## Task description
Scan the entries below for the word "little" and copy every line where it turns up.

Stored items:

^^^^

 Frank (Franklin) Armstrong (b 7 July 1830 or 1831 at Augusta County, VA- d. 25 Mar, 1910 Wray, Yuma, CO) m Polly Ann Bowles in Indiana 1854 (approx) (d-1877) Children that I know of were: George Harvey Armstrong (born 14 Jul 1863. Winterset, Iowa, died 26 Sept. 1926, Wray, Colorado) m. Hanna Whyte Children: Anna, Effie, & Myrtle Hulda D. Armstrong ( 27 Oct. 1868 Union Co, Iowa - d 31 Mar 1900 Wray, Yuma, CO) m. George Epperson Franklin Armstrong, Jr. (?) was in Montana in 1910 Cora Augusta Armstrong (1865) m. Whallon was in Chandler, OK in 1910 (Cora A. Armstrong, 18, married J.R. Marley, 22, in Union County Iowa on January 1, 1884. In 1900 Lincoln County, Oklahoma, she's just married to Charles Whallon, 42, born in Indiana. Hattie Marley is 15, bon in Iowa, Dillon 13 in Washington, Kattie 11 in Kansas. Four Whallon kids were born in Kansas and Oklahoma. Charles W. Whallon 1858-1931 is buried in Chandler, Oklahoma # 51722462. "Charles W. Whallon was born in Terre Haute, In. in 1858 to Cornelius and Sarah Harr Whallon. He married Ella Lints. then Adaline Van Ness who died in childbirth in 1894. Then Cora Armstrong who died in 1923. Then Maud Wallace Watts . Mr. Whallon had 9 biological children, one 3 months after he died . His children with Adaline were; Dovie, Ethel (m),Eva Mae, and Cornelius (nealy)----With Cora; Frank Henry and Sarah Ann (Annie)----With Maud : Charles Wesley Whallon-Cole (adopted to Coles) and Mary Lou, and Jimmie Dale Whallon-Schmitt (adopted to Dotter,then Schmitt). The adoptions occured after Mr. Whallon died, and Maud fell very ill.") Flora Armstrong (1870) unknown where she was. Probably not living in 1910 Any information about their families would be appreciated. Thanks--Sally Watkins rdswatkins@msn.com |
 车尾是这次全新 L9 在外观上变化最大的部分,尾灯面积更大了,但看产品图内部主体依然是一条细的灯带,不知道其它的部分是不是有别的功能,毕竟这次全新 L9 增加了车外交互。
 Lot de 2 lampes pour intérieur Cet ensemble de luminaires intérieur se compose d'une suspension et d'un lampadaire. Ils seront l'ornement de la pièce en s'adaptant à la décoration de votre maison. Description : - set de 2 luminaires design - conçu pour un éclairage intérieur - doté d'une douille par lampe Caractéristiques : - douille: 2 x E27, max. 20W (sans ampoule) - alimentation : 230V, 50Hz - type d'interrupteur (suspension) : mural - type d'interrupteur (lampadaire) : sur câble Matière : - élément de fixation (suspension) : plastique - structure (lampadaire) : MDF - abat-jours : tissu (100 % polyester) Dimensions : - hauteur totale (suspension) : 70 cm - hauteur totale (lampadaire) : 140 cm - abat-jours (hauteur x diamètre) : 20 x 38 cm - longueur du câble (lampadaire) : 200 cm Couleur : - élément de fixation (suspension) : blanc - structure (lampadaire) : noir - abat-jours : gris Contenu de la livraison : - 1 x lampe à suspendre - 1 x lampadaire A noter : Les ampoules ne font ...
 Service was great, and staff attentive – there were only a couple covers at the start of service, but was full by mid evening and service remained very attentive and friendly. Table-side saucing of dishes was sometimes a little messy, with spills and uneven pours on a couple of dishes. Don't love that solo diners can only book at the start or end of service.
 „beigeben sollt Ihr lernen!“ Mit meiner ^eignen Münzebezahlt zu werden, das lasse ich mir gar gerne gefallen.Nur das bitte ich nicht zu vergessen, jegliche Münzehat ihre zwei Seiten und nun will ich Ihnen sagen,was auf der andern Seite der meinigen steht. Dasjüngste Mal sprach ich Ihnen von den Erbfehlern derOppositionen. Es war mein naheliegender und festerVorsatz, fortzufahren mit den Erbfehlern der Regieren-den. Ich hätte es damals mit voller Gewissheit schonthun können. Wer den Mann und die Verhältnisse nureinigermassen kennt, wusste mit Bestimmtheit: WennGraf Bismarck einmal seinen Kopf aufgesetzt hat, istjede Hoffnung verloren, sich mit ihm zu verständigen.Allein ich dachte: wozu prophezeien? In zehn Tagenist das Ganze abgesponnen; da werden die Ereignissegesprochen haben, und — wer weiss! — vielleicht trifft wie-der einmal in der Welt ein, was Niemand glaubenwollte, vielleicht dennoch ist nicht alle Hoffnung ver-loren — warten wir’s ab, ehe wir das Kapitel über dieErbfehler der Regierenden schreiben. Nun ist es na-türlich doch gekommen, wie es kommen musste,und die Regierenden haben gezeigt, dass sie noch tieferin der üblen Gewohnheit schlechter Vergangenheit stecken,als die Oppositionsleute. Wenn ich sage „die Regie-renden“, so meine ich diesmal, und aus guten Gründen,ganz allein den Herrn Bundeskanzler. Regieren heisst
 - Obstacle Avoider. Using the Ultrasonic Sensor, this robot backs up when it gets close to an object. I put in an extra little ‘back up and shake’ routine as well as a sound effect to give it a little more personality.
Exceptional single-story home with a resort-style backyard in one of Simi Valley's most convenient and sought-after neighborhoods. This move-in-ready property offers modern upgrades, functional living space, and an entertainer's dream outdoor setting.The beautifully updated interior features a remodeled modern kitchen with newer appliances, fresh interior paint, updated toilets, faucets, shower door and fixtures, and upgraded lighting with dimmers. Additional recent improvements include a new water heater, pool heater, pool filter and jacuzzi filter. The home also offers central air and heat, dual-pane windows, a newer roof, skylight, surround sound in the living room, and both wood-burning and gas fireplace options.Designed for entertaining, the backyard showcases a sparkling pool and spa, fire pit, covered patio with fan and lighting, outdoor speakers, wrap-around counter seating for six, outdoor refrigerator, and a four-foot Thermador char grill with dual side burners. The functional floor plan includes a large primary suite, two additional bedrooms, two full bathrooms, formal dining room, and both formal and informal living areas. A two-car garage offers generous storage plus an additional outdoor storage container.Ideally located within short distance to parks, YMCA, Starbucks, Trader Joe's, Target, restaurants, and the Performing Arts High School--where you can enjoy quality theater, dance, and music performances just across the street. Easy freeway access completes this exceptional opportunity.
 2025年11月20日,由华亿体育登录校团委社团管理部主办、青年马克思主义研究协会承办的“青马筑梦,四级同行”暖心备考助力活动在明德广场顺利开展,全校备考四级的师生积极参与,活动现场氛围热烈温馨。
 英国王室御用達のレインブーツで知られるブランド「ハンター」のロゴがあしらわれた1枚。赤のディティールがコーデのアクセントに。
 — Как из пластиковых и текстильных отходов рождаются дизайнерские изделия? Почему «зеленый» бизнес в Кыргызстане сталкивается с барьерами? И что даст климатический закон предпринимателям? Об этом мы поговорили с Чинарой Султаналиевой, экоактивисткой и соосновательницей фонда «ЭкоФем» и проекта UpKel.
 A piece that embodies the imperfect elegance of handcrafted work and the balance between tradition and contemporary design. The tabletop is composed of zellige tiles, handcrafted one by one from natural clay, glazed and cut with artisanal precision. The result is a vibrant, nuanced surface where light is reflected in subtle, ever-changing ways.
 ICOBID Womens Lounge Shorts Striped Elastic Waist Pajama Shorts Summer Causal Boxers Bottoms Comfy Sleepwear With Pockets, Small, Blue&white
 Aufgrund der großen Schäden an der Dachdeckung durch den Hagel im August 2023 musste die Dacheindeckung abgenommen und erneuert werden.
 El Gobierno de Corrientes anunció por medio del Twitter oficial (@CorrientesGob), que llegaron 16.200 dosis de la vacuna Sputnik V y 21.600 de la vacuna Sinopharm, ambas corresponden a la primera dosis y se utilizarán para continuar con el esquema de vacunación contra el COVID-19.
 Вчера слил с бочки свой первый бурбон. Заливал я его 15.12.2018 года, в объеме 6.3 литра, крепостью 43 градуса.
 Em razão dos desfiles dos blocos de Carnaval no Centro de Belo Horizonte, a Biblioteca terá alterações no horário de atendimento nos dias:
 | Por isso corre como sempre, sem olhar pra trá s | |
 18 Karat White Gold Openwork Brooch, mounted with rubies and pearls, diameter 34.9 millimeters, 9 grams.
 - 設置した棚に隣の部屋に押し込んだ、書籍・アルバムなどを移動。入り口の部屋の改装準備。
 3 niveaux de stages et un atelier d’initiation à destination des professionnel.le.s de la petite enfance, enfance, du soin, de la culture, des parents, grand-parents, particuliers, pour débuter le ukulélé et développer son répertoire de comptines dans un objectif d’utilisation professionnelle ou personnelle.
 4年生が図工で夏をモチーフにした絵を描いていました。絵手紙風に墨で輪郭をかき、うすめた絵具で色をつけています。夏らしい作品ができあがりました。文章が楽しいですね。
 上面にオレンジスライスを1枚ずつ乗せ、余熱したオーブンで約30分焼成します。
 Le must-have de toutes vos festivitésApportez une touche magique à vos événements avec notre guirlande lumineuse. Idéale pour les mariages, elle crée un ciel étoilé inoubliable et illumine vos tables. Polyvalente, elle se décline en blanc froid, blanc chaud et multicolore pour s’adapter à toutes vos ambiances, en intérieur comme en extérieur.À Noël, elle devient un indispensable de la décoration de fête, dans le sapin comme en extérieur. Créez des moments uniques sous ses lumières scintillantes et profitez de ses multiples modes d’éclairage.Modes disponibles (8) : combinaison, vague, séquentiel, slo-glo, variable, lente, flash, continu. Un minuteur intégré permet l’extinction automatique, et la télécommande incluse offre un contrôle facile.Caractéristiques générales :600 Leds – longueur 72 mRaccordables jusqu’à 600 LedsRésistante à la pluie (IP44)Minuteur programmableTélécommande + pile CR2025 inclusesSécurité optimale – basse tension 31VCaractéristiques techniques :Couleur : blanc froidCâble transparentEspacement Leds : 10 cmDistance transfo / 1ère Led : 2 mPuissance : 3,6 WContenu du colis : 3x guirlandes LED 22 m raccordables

^^^^

## Your solution
 Service was great, and staff attentive – there were only a couple covers at the start of service, but was full by mid evening and service remained very attentive and friendly. Table-side saucing of dishes was sometimes a little messy, with spills and uneven pours on a couple of dishes. Don't love that solo diners can only book at the start or end of service.
 - Obstacle Avoider. Using the Ultrasonic Sensor, this robot backs up when it gets close to an object. I put in an extra little ‘back up and shake’ routine as well as a sound effect to give it a little more personality.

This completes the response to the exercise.